Was hätten Sie bei der Anhörung gesagt?
Zu der Fragestellung hätte ich auf zwei Ebenen geantwortet. Zunächst mal ist es aus meiner Sicht wichtig, in Bezug auf den sogenannten „Muttersprachenunterricht“ einen zentralen Begriff zu klären. Welche Muttersprachen sind denn eigentlich gemeint und wessen Muttersprachen? Der Begriff Muttersprache ist im Prinzip ein völlig unklarer Begriff und wird deshalb in der Linguistik und Sprachdidaktik zunehmend vermieden. Bezieht er sich auf eine hohe Sprachkompetenz? Auf die Erstsprache(n)? Und auf welche Form der Sprache: Ist es die Standardsprache Deutsch, also „Hochdeutsch“? Ein Dialekt? In Bezug auf die Schule ist es besser, von der Unterrichts- oder Bildungssprache zu sprechen.

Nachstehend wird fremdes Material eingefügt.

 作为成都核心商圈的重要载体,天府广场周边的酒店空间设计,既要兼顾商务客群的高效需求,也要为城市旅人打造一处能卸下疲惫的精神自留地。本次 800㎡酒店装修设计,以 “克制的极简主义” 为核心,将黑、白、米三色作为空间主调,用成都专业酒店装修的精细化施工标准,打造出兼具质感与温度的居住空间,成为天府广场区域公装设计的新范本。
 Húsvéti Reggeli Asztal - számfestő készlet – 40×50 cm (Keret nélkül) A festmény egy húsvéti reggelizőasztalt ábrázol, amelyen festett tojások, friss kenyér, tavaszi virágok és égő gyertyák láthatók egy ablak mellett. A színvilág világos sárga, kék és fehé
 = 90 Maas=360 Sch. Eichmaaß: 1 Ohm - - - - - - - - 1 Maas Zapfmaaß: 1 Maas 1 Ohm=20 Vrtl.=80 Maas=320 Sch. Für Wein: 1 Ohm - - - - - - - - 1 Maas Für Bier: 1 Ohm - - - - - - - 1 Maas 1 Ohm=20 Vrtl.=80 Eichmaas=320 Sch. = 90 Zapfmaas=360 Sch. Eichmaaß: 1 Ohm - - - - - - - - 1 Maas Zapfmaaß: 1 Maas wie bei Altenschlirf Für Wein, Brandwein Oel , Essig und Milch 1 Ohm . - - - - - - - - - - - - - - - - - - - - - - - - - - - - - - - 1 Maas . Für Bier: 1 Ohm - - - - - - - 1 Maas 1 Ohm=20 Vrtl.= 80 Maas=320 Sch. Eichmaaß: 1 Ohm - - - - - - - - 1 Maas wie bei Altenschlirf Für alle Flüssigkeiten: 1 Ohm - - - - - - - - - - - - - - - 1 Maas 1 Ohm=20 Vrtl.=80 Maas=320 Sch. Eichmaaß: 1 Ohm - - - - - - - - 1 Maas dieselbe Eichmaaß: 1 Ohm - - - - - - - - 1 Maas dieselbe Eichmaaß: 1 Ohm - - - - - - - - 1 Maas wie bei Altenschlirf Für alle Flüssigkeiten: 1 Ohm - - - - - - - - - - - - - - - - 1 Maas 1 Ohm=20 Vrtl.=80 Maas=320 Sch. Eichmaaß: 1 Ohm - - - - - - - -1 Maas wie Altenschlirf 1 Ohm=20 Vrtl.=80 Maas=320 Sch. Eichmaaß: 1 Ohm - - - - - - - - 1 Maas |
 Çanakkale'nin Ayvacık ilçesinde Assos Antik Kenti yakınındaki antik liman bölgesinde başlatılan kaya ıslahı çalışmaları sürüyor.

„Das wiederum führt zu verstärkter Segregation.“
Die zweite Ebene bezieht sich auf die Zielgruppe. Im medialen Diskurs entsteht der Eindruck, es gehe in erster Linie um die Frage, ob Kinder mit der Erstsprache Deutsch ausreichend Inhalte lernen und zudem ihre Deutschkompetenzen ausbauen. Im Fachdiskurs ist hingegen die Hauptfrage, wie man allen Kindern die möglichst gleichen Bildungschancen bietet. Also man will Kindern die Teilhabe am Unterricht und schließlich an der Gesellschaft ermöglichen und sie entsprechend fördern. Da gibt es eine ganze Reihe von Vorschlägen, um alle Kinder mitzunehmen, wie etwa individuelle Bildungspläne und verschiedene didaktische Ansätze. Zudem spielt das emotionale Wohlbefinden eine Rolle, die Kinder sollen sich ja auch als Teil einer Klassengemeinschaft fühlen.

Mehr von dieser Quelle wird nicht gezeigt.